March 13, 2023

There’s been a lot of press recently regarding the two bank failures this past weekend; and we wanted to take a moment to address the events and circumstances leading to these events.

The two banks that failed over the weekend – Silicon Valley Bank and Signature Bank – were both heavily engaged on the deposit side with emerging asset categories such as crypto exchanges and technology start-ups. Both of these banks registered high concentrations of deposits in these categories, with Signature Bank at one point during the crypto craze having over 25% of its deposits from crypto exchanges and crypto-related assets.

As the financial stress caused by the Federal Reserve’s interest rate hikes and war on inflation have mounted, these emerging sectors have experienced financial stress and an inability to raise new funding; which in turn prompted a significant depletion of the deposits held by these two banks.

In turn, both banks were forced to liquidate other investment securities which they held on their books at substantial unrealized losses.

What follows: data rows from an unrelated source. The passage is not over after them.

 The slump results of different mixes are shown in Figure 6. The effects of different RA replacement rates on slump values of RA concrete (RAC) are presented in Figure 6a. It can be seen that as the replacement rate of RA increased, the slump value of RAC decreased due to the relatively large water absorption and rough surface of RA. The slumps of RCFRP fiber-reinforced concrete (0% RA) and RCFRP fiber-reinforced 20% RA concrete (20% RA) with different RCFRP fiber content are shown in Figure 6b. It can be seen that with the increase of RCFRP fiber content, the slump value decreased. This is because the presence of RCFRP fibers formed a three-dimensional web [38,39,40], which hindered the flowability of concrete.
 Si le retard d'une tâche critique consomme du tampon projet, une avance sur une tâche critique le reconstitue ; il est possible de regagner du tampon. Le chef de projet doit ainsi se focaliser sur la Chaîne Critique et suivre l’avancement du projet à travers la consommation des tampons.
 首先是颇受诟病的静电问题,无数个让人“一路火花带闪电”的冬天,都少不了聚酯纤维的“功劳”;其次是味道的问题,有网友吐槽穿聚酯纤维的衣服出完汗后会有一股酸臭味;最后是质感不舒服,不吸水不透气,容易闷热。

Once those losses became realized, the banks were under-capitalized and regulators determined that it was unlikely either bank would be able to generate replacement capital in the current market, resulting in the closures.

As much as the news media reports these failures with surprise, the WSJ and TheRealDeal published articles about these same banks over six months ago, raising the alarm about the reliance on the sources of deposits and the exorbitant concentrations held by these banks.

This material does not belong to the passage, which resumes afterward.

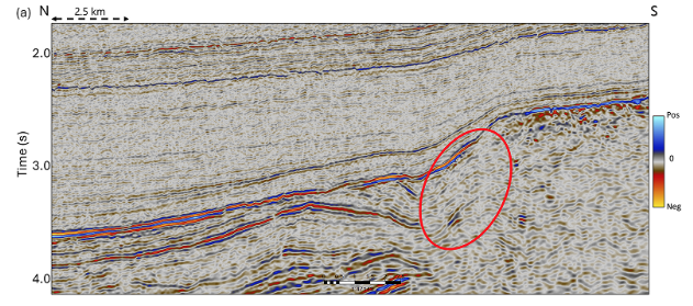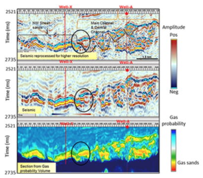 Comparación de secciones que atraviesan (a) datos sísmicos reprocesados, (b) datos sísmicos antiguos y (c) el volumen de probabilidad de gas generado a partir de los datos sísmicos reprocesados. Las secciones atraviesan dos pozos perforados en la Lámina Noroeste (Pozo X) y el segmento principal del canal (Pozo A). El área marcada con un círculo muestra una posible zona de conectividad entre los segmentos. Sin embargo, el pozo de relleno perforado en la Lámina Noroeste resultó estar prácticamente aislado del canal principal.
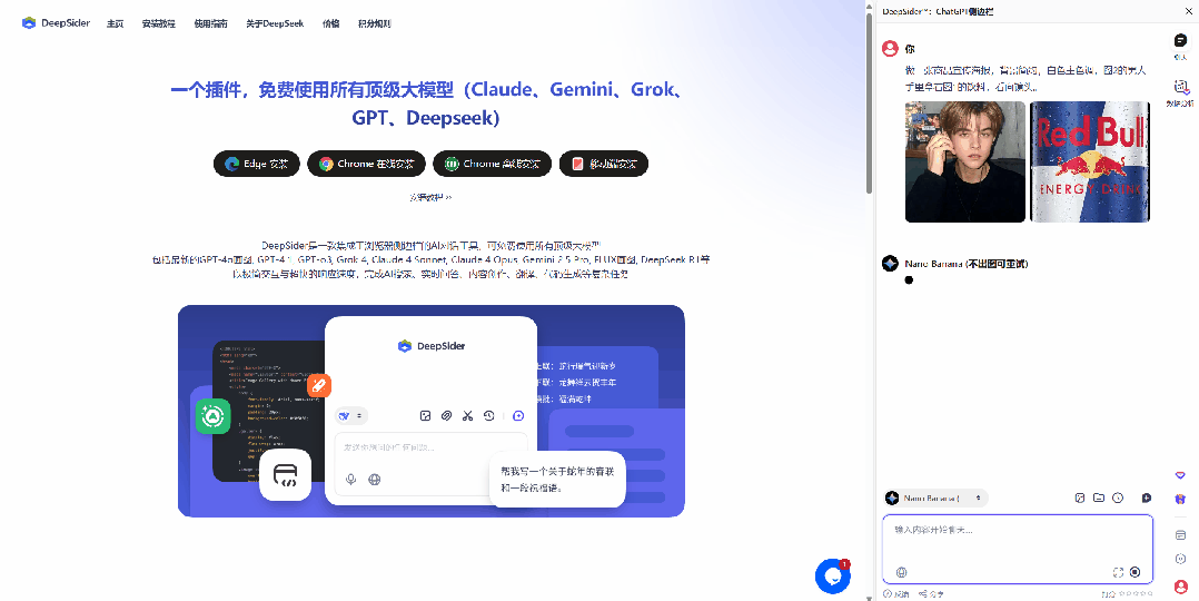DeepSider是一款浏览器侧边栏插件,支持与多款热门AI模型对话和生成图像。

Deposit concentrations are an area to which the banking regulators pay close attention; which makes it all the more surprising that these banks were allowed to operate with such high levels of concentrations. American Eagle Bank – like most other banks operating today, has very low concentrations by depositor. In fact, our largest three deposit customers represent, in aggregate, only 8% of total footings; and no deposit customer represents more than 4.5% of total footings. More importantly, our large deposit customers are not engaged in high-risk industries; but instead, are Illinois-based municipal entities, local businesses and non-for profits, and Chicagoland individuals and families. Most of our large depositors have been customers for over ten years. Some have been with us twenty years since our opening.

The second assurance we’d like to provide is that American Eagle Bank, out of the $405 million in total assets, only holds a small amount of treasury investment securities – less than 2% of our total assets. Our strategy with investments has always been to maintain a short duration, not risk any principal, and only invest in securities when there isn’t a better loan alternative. As a result, unlike many of the banks in the country, our unrealized losses on treasury securities are negligible, representing less than 1% of our total capital of over $36 million.

It’s an unfortunate event for the industry, and many publicly traded banks are today taking an undeserved beating in the marketplace and from politicians; but here on main street, we continue to operate in a safe and sound manner, doing our utmost to manage beneficially for our shareholders and customers with a long term outlook.

Thank you for your ongoing business and have a great week.